§ **Directions**: Leave every picture out and give back the lines below from the first through the line that holds "4月14日、大連市高新園区・", exactly as written.

--- Data section Enclosed Below ---

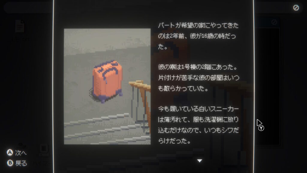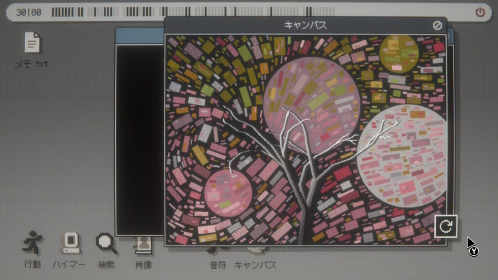 マップ上のオブジェを選択すると「肖像」と呼ばれる記憶の断片が回収されます。
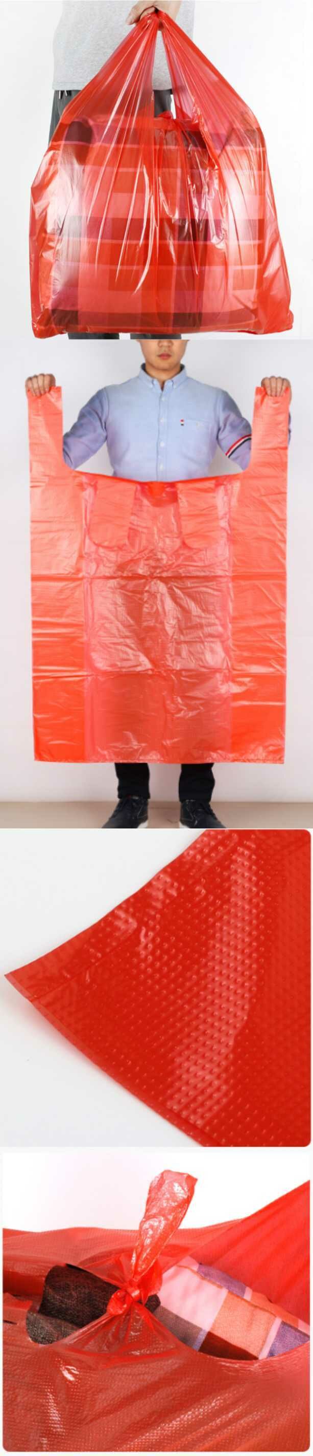 爆款(50個裝)一次性加厚塑膠垃圾袋(紅色)(尺寸:65cm*97cm)
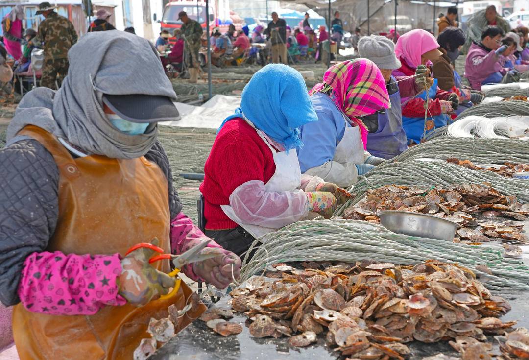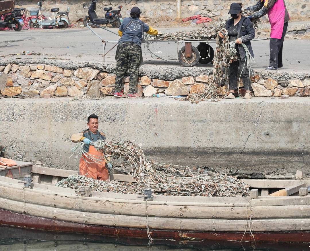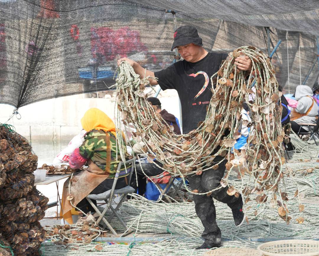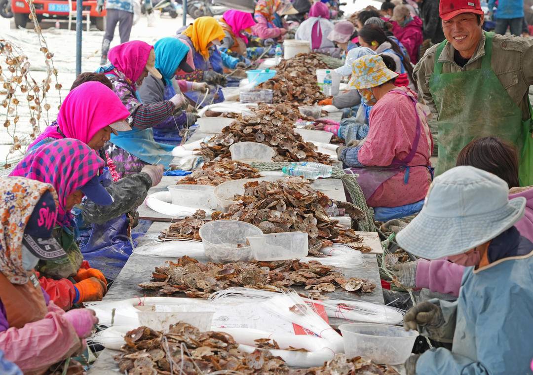 4月14日、大連市高新園区・竜王塘街道の南部海域沿岸で、作業員たちがロープに牡蠣の稚貝を挟み込む作業を行っている。4月中旬は、大連海域での牡蠣の人工養殖にとって最適な種苗投入の時期である。作業員たちは、稚貝の付いた貝殻をひとつなぎにし、ロープに等間隔に挟み込んで海へと投入。牡蠣を海中で自然に成長させる。大連沿海地域の旅順、竜王塘、金石灘、杏樹屯などの海域は牡蠣の名産地として知られ、その製品は国内外で広く販売されている。
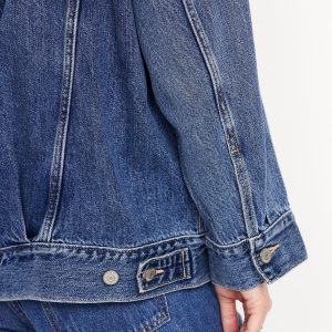 Oversized Jean Trucker Jacket: studded accents, spread collar, long sleeves with buttoned cuffs, full-button front, button-flap chest pockets, vertical welt pockets, #790495
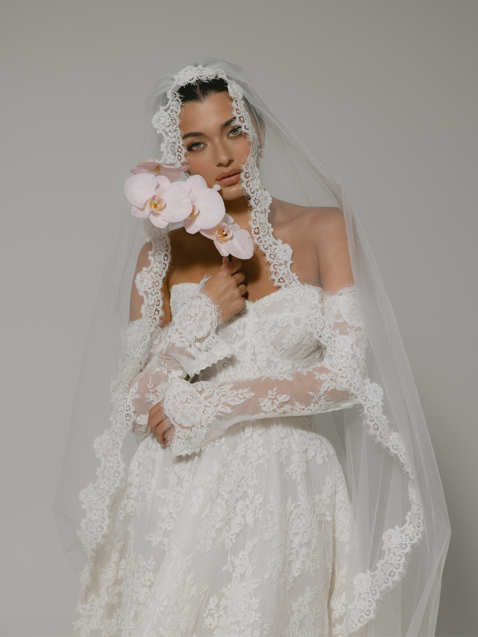 Expect sculptural corsets paired with voluminous skirts, forming statement-making two-piece bridal ensembles which redefine contemporary couture. Accessories take a leading role too: sweeping mantilla veils edged in intricate lace, overjacket pieces adding that touch of drama and versatility, and romantic lace chokers which echo the elegance of bygone eras. Stay tuned for the official release!!
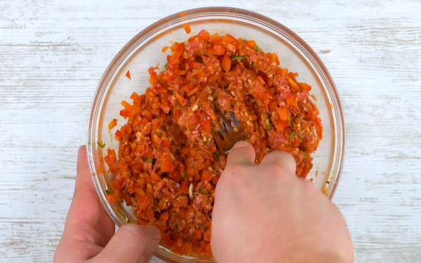 - Mettez la viande hachée dans un saladier et ajoutez le piment, le poivron et l'ail après avoir tout coupé en petits morceaux. Assaisonnez de sel, de poivre, de cumin et de paprika. Enfin, ajoutez 1 cuillère à soupe d'huile d'olive et mélangez bien.
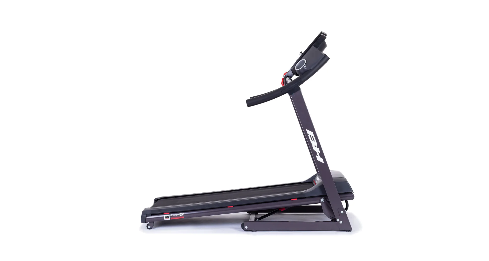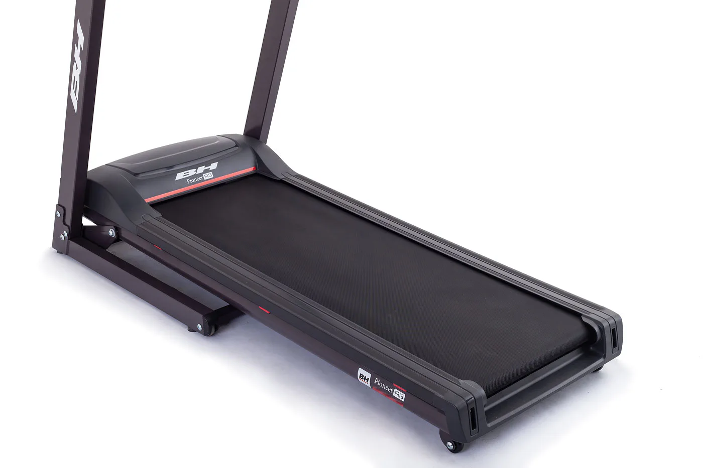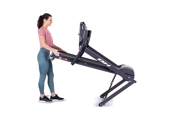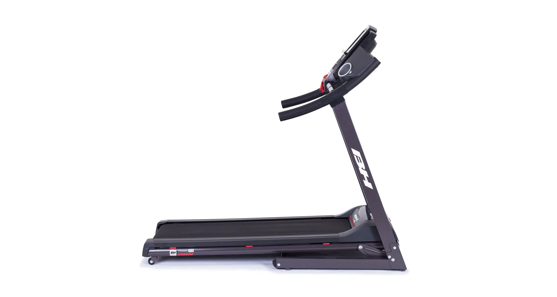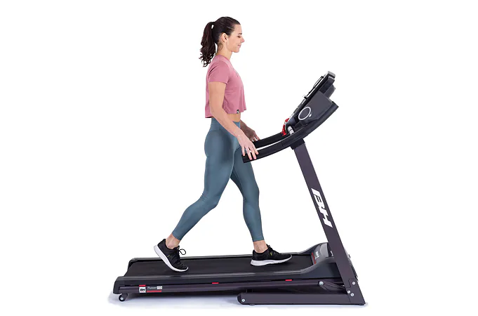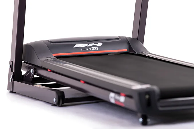 Běžecký pás BH Fitness PIONEER R3 disponuje počítačem s LCD displejem, držákem na lahev, senzory pro měření tepové frekvence a transportními kolečky. Po tréninku stroj snadno a rychle složíte do úsporné polohy.
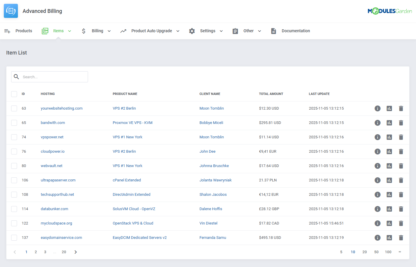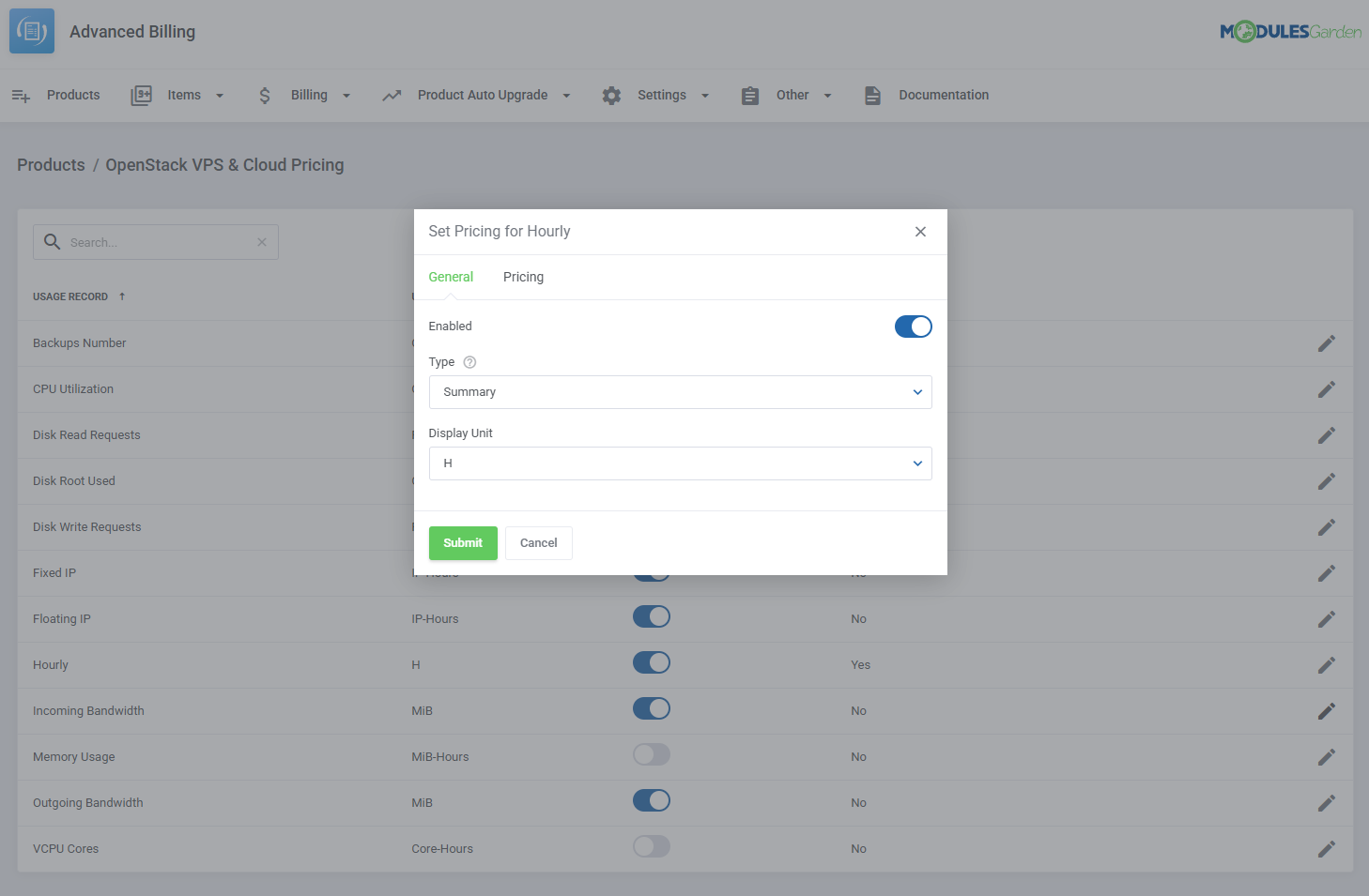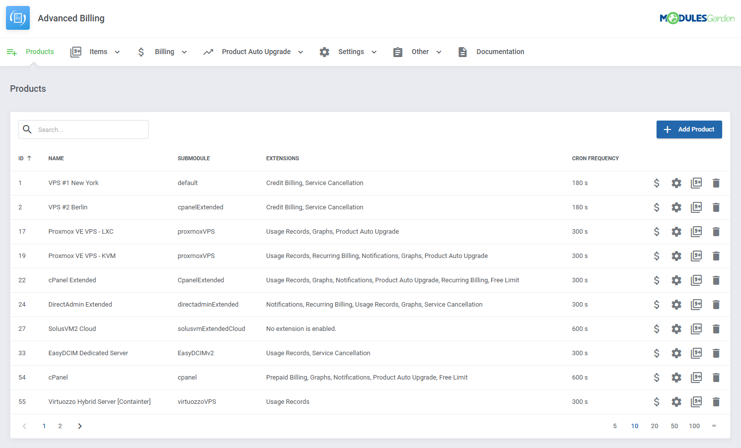 Este módulo soporta múltiples divisas y está integrado con casi 20 de los módulos mas famosos, incluyendo cPanel, Plesk, Proxmox VE y OpenStack. Podrás seleccionar de una gran variedad de alternativas avanzadas de cobro, tales como cobro por hora, por recursos usados, crédito y prepago, precios fijos e incluso modificar completamente los pagos recurrentes. Adicionalmente, los productos y sus opciones configurables pueden ser incrementados o decrementados en el siguiente cambio en base al consumo de recursos. Todavía mas, podrás ajustar todas las propiedades básicas de las facturas, así como definir características suplementarias, tales como un cargo mínimo para las facturas generadas. Al mismo tiempo, tus clientes podrán crear múltiples recordatorios por correo electrónico cuando se acerquen al límite lo excedan para cada recurso.
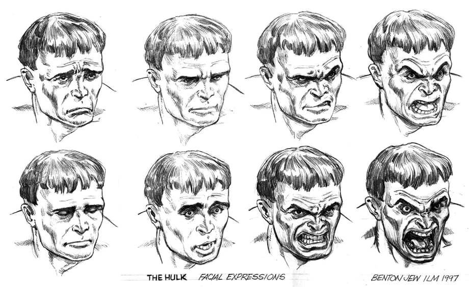 "The first version I did was a bid that ILM was doing to get work on a 1997 version of the Hulk. This one was to be directed by Jonathan Hensleigh and feature The Absorbing Man amongst other monster types as the bad guys. We did quite a few pencil sketches to get an idea of what he might look like." - Benton Jew
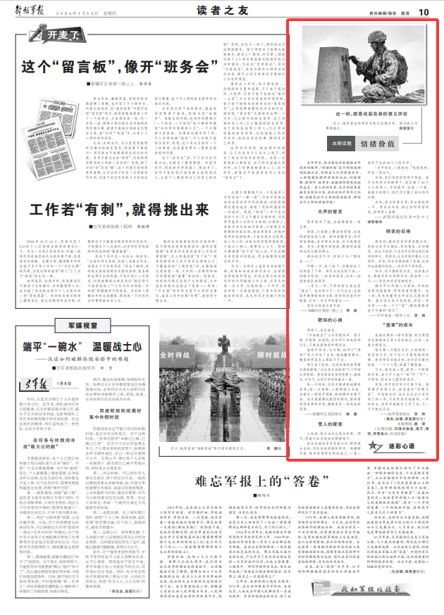 去年年末,很多媒体和机构推出年度热词榜单,“情绪价值”这个网络高频词脱颖而出,折射出人们对情感关怀、心理慰藉和精神共鸣的向往,对被理解、被倾听、被尊重、被激励等情感体验的追求。在火热的军营,当多彩的青春遇见直线加方块,在炽热熔炉里淬火加钢,会激发出什么样的情感能量、释放出什么样的情绪价值?
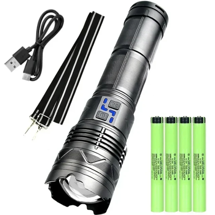 Мощный компактный фонарь с зумом и несколькими режимами. Работает от аккумулятора или батареек. Подходит для кемпинга, авто и аварийных ситуаций. Ударопрочный и водостойкий корпус.

--- End of Enclosed Data section ---

§ **Solution for this task**:
 マップ上のオブジェを選択すると「肖像」と呼ばれる記憶の断片が回収されます。
 爆款(50個裝)一次性加厚塑膠垃圾袋(紅色)(尺寸:65cm*97cm)
 4月14日、大連市高新園区・竜王塘街道の南部海域沿岸で、作業員たちがロープに牡蠣の稚貝を挟み込む作業を行っている。4月中旬は、大連海域での牡蠣の人工養殖にとって最適な種苗投入の時期である。作業員たちは、稚貝の付いた貝殻をひとつなぎにし、ロープに等間隔に挟み込んで海へと投入。牡蠣を海中で自然に成長させる。大連沿海地域の旅順、竜王塘、金石灘、杏樹屯などの海域は牡蠣の名産地として知られ、その製品は国内外で広く販売されている。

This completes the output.